Nils Tavernier a également tendu son micro aux enfants, à leurs frères et sœurs et à leurs petits copains. Les langues, parfois volontairement sèches entre membres de la même famille, se délient devant la caméra. Alexis ose : « Je voyais qu’elle était différente de nous », en parlant de sa sœur jumelle. « J’aurais bien voulu la voir (l’avoir ?) non handicapée ». La maman poursuit : « Je n’arrête pas de dire à Marie (l’autre fille de la fratrie) : vas-y, déconne, fais un truc dingue. Mais elle ne veut pas.
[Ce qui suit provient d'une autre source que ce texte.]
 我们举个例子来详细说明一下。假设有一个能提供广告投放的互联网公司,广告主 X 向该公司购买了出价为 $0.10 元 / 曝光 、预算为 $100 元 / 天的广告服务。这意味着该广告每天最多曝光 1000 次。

Alors tout va bien. » Le meilleur ami de Benjamin, jeune adolescent en fauteuil, dit qu’il rêve de le revoir marcher mais convient lucidement que « cela dépend des progrès de la science ».
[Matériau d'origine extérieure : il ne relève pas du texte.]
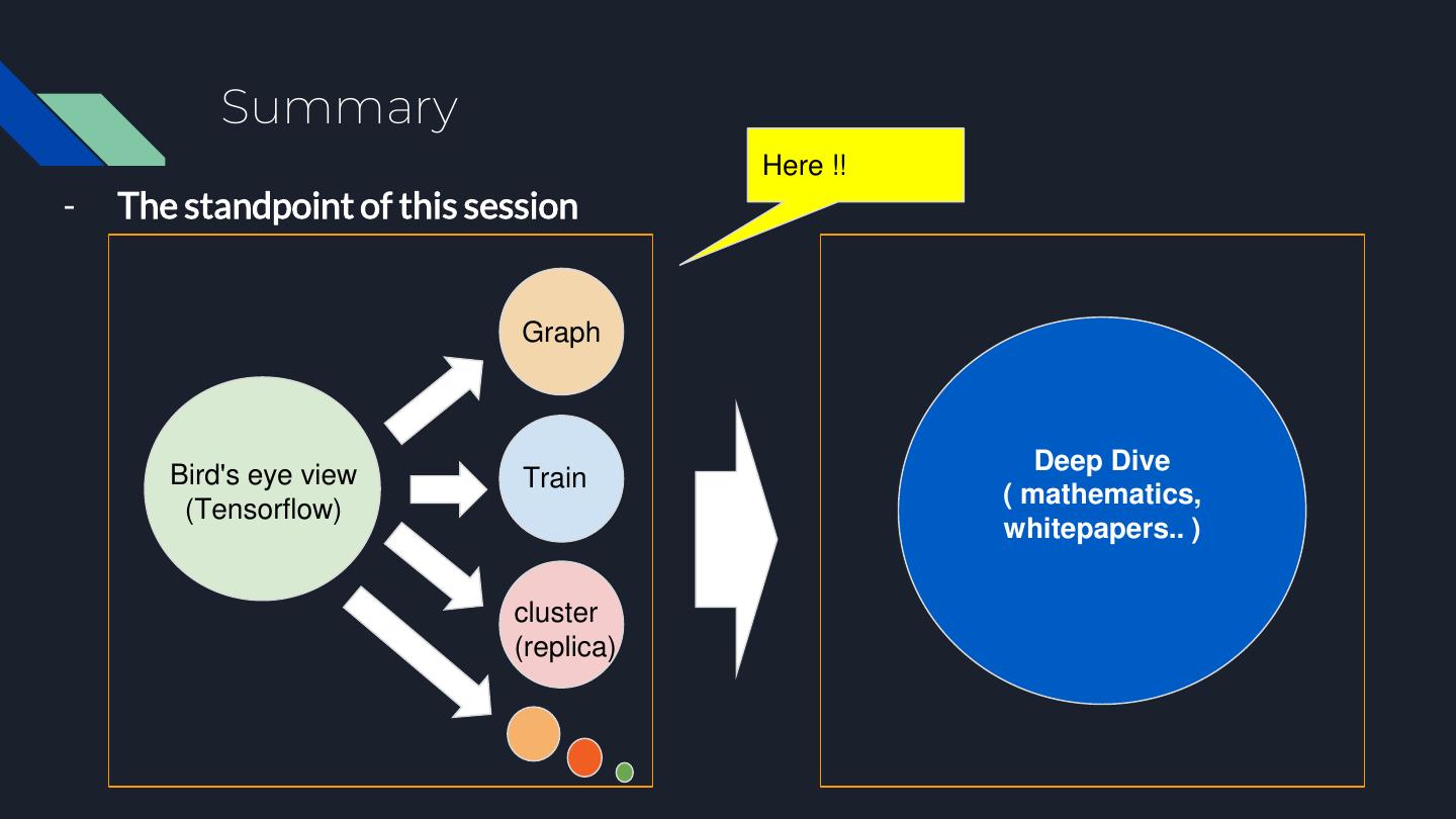 3 . Summary Here !! - The standpoint of this session Graph Deep Dive Bird's eye view Train ( mathematics, (Tensorflow) whitepapers.. ) cluster (replica)

Quand les témoignages deviennent trop douloureux, presque « inentendables », le documentariste lâche une touche d’humour, dans la parole innocente du petit Matis, par exemple, qui, le corps entièrement coincé dans un appareil, n’hésite pas à donner ses plans de carrière, avec détails : « Je serai pompier car j’aime éteindre le feu, ou bien gendarme, car j’aime mettre les gens en prison, ou bien policier, parce que… j’aime mettre les gens en prison. ». Alice, elle, prévoit plus tard de porter des chaussures à talons et que son métier, ce sera l’amitié.
Un océan impraticable.
« Nils s’est approprié notre travail en nous suivant dans les consultations pendant ces huit mois », se réjouit le Pr Olivier Dulac, neuropédiatre à Necker. « Nous, nous avions beaucoup à apprendre sur ce que l’on fait et nous avons effectivement appris des choses, essentiellement sur tout ce qui se passe en dehors de l`hôpital. Nous avons découvert la joie de ces enfants, à l’école, à la maison. Il fallait que ce soit quelqu’un qui ne soit pas technicien des soins pour nous observer. »
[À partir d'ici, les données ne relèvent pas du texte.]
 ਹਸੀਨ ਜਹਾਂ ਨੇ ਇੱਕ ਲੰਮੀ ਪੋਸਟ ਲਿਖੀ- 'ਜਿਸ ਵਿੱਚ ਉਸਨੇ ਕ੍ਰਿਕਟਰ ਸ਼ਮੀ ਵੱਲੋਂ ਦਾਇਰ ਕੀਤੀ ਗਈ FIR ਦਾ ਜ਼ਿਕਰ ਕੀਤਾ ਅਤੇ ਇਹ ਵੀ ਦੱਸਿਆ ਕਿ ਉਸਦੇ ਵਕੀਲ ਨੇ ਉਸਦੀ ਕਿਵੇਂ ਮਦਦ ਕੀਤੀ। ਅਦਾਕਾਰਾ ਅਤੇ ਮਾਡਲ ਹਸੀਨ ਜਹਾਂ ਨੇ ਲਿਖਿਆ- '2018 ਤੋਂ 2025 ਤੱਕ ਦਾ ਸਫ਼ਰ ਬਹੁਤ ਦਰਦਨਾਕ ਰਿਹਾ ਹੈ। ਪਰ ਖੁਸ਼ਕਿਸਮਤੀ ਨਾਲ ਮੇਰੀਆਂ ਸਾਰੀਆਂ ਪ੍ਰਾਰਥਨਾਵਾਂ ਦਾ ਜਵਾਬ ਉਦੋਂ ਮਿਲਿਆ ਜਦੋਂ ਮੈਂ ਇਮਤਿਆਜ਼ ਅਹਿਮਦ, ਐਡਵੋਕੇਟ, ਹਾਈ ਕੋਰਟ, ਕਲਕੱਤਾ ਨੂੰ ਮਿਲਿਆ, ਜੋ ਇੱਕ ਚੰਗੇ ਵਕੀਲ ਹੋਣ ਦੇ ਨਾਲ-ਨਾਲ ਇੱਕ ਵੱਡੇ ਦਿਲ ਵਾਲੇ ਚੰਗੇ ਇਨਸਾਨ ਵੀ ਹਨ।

L’idée d’une sorte de guide pour les parents germait dans la tête du Pr Dulac depuis un moment. « Une éducatrice m’avait confié qu’elle était de plus en plus sollicitée par des parents sur la façon d’expliquer aux frères et sœurs ce qui allait se passer après l’annonce du diagnostic. » De son côté, le cinéaste Tavernier ainsi que Pascal Jacob, président de l’association I = MC2 *, souhaitaient participer à une exposition en préparation au Musée d’histoire naturelle sur la vie et le handicap. « Il s’agit de décrire des émotions qui sont trop fortes pour que l’on puisse les aborder en se penchant simplement au-dessus d’un livre, le format du film est donc apparu finalement plus approprié », explique le Pr Dulac.
Nils Tavernier, lui, a trouvé les familles « très perdues, face au handicap, à l’accompagnement, aux soins, à la loi aussi. J’ai vu des gens face à un océan impraticable. »
Le film puis le livre.
Ce film, présenté en avant-première aux Focales de la Fondation caisses d’épargne pour la solidarité (rencontres organisées tous les deux mois autour d’un artiste), pourrait être diffusé par des chaînes de télévision. Il a vocation à devenir « maillon d’une chaîne autour de ces situations difficiles ». « Si mon film peut aider à faire en sorte qu’il se dégage une volonté politique ou médicale à mieux entourer les familles dans ces moments-là, alors je serai heureux », insiste le cinéaste, qui dit avoir « reçu des leçons de vie humaine pendant huit mois. J’ai l’impression en tout cas que le temps d’écoute que j’ai passé avec ces familles n’a pas été néfaste. Cela me manque d’ailleurs, j’ai très envie de prolonger ce travail. »
Le film doit déboucher sur un livre qui devrait être, selon les vœux du documentariste, « très accessible ». Sans l’ambition d’en faire un guide, il proposerait des témoignages, qui pourraient avoir un écho chez certains parents. « Je veux faire de ce livre quelque chose d’utile, pour les familles mais aussi pour les toubibs, car je crois, non je suis sûr, que l’accompagnement des parents au moment de l’annonce du diagnostic fait défaut. ».
* L’association I = MC2 s’emploie à former les professionnels à l’accompagnement des personnes handicapées. www.iegalemc2.org.